Suppose there was a third explanatory variable, say two types of chemicals.
set.seed(123)
waterfleas <- waterfleas |>
mutate(chemical = sample(c("chem1","chem2"), n(), replace = TRUE))
m <- glm(count ~ conc * strain * chemical, family = poisson, data = waterfleas)
summary(m)$coefficients
Estimate Std. Error z value Pr(>|z|)
(Intercept) 4.4747 0.0510 87.7927 0.00e+00
conc -1.5860 0.0729 -21.7686 4.60e-105
strainb -0.2949 0.0900 -3.2778 1.05e-03
chemicalchem2 0.0269 0.0989 0.2720 7.86e-01
conc:strainb 0.1182 0.1198 0.9862 3.24e-01
conc:chemicalchem2 -0.0464 0.1427 -0.3249 7.45e-01
strainb:chemicalchem2 -0.0919 0.1422 -0.6467 5.18e-01
conc:strainb:chemicalchem2 0.0118 0.2017 0.0584 9.53e-01
emmeans(m, ~conc|strain*chemical,
at = list(conc = c(2,1)), type = "response")

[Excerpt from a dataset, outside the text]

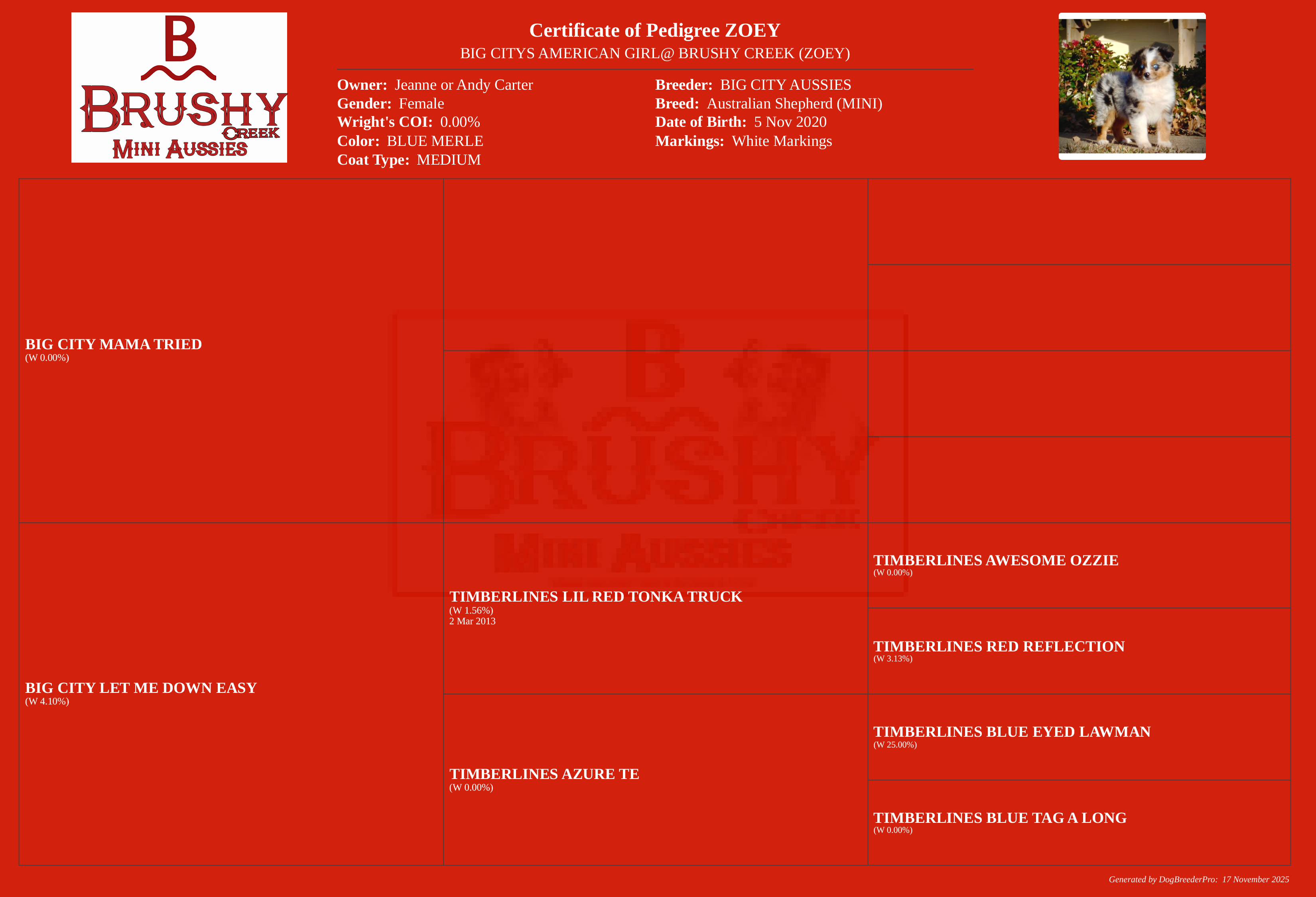 ZOEY'S PEDIGREE AND INFO
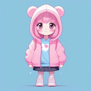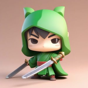 AI art prompt English – Minimalist Chibi Female Wuxia Rogue with Fan, Stealthy Stance

strain = a, chemical = chem1:
conc rate SE df asymp.LCL asymp.UCL
2 3.68 0.440 Inf 2.91 4.65
1 17.97 1.010 Inf 16.10 20.05
strain = b, chemical = chem1:
conc rate SE df asymp.LCL asymp.UCL
2 3.47 0.500 Inf 2.62 4.60
1 15.06 0.962 Inf 13.29 17.07
strain = a, chemical = chem2:
conc rate SE df asymp.LCL asymp.UCL
2 3.44 0.651 Inf 2.38 4.99
1 17.62 1.410 Inf 15.07 20.61
strain = b, chemical = chem2:
conc rate SE df asymp.LCL asymp.UCL
2 3.03 0.532 Inf 2.15 4.28
1 13.63 1.100 Inf 11.63 15.98
Confidence level used: 0.95
Intervals are back-transformed from the log scale
pairs(emmeans(m, ~conc|strain*chemical,
at = list(conc = c(2,1)), type = "response"), infer = TRUE)
strain = a, chemical = chem1:
contrast ratio SE df asymp.LCL asymp.UCL null z.ratio p.value
conc2 / conc1 0.205 0.0149 Inf 0.177 0.236 1 -21.770 <.0001
strain = b, chemical = chem1:
contrast ratio SE df asymp.LCL asymp.UCL null z.ratio p.value
conc2 / conc1 0.230 0.0219 Inf 0.191 0.278 1 -15.420 <.0001
strain = a, chemical = chem2:
contrast ratio SE df asymp.LCL asymp.UCL null z.ratio p.value
conc2 / conc1 0.196 0.0240 Inf 0.154 0.249 1 -13.300 <.0001
strain = b, chemical = chem2:
contrast ratio SE df asymp.LCL asymp.UCL null z.ratio p.value
conc2 / conc1 0.223 0.0236 Inf 0.181 0.274 1 -14.160 <.0001
Confidence level used: 0.95
Intervals are back-transformed from the log scale
Tests are performed on the log scale
Example: Consider the following logistic regression
model for the insecticide data
.
m <- glm(cbind(deaths, total-deaths) ~ insecticide * deposit,
family = binomial, data = trtools::insecticide)
summary(m)$coefficients
Estimate Std. Error z value Pr(>|z|)
(Intercept) -2.8109 0.3585 -7.8418 4.44e-15
insecticideboth 1.2258 0.6718 1.8247 6.80e-02
insecticideDDT -0.0389 0.5072 -0.0768 9.39e-01
deposit 0.6221 0.0779 7.9899 1.35e-15
insecticideboth:deposit 0.3701 0.2090 1.7711 7.65e-02
insecticideDDT:deposit -0.1414 0.1038 -1.3630 1.73e-01
We can use trtools::contrast
or emmeans
to
produce estimates of the probability of death for a given insecticide at
a given deposit value.
trtools::contrast(m, tf = plogis,
a = list(insecticide = c("g-BHC","both","DDT"), deposit = 5),
cnames = c("g-BHC","both","DDT"))
estimate lower upper
g-BHC 0.574 0.503 0.643
both 0.967 0.921 0.987
DDT 0.390 0.329 0.455
emmeans(m, ~ insecticide, type = "response", at = list(deposit = 5))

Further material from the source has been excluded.